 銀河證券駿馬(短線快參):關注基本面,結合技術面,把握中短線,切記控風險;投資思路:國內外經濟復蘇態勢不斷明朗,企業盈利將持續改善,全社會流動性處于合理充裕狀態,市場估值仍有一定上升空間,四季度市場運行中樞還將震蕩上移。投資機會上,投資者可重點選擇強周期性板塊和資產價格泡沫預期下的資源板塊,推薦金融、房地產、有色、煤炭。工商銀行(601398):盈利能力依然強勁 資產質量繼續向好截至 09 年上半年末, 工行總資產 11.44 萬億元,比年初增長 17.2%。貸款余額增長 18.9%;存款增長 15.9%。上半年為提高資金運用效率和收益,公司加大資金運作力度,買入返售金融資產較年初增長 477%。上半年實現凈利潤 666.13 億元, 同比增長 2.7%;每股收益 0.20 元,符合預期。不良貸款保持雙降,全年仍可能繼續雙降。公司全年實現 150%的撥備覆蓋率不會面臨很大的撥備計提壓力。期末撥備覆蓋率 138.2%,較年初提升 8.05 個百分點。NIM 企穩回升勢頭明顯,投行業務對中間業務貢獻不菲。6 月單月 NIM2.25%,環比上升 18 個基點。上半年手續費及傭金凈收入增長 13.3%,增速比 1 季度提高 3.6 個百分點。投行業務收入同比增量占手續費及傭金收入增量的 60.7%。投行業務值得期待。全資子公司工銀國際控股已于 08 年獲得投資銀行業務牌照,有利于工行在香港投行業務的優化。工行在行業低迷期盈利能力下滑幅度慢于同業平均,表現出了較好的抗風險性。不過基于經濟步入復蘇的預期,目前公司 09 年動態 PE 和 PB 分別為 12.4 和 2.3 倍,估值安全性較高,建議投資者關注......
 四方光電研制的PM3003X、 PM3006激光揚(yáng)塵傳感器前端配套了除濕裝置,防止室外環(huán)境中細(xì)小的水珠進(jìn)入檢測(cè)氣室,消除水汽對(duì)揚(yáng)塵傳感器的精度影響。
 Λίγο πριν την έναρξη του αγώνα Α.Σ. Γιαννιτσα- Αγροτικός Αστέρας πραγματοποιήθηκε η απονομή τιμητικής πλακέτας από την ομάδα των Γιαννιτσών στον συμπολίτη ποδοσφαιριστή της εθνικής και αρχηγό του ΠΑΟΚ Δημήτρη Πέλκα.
• • •
EXERCISE REQUIREMENTS: Exactly those lines that run from the start of the listing to the line containing "四方光電研制的PM3003X" should be output, and no others.

SOLVED EXERCISE:
 銀河證券駿馬(短線快參):關注基本面,結合技術面,把握中短線,切記控風險;投資思路:國內外經濟復蘇態勢不斷明朗,企業盈利將持續改善,全社會流動性處于合理充裕狀態,市場估值仍有一定上升空間,四季度市場運行中樞還將震蕩上移。投資機會上,投資者可重點選擇強周期性板塊和資產價格泡沫預期下的資源板塊,推薦金融、房地產、有色、煤炭。工商銀行(601398):盈利能力依然強勁 資產質量繼續向好截至 09 年上半年末, 工行總資產 11.44 萬億元,比年初增長 17.2%。貸款余額增長 18.9%;存款增長 15.9%。上半年為提高資金運用效率和收益,公司加大資金運作力度,買入返售金融資產較年初增長 477%。上半年實現凈利潤 666.13 億元, 同比增長 2.7%;每股收益 0.20 元,符合預期。不良貸款保持雙降,全年仍可能繼續雙降。公司全年實現 150%的撥備覆蓋率不會面臨很大的撥備計提壓力。期末撥備覆蓋率 138.2%,較年初提升 8.05 個百分點。NIM 企穩回升勢頭明顯,投行業務對中間業務貢獻不菲。6 月單月 NIM2.25%,環比上升 18 個基點。上半年手續費及傭金凈收入增長 13.3%,增速比 1 季度提高 3.6 個百分點。投行業務收入同比增量占手續費及傭金收入增量的 60.7%。投行業務值得期待。全資子公司工銀國際控股已于 08 年獲得投資銀行業務牌照,有利于工行在香港投行業務的優化。工行在行業低迷期盈利能力下滑幅度慢于同業平均,表現出了較好的抗風險性。不過基于經濟步入復蘇的預期,目前公司 09 年動態 PE 和 PB 分別為 12.4 和 2.3 倍,估值安全性較高,建議投資者關注......
 四方光電研制的PM3003X、 PM3006激光揚(yáng)塵傳感器前端配套了除濕裝置,防止室外環(huán)境中細(xì)小的水珠進(jìn)入檢測(cè)氣室,消除水汽對(duì)揚(yáng)塵傳感器的精度影響。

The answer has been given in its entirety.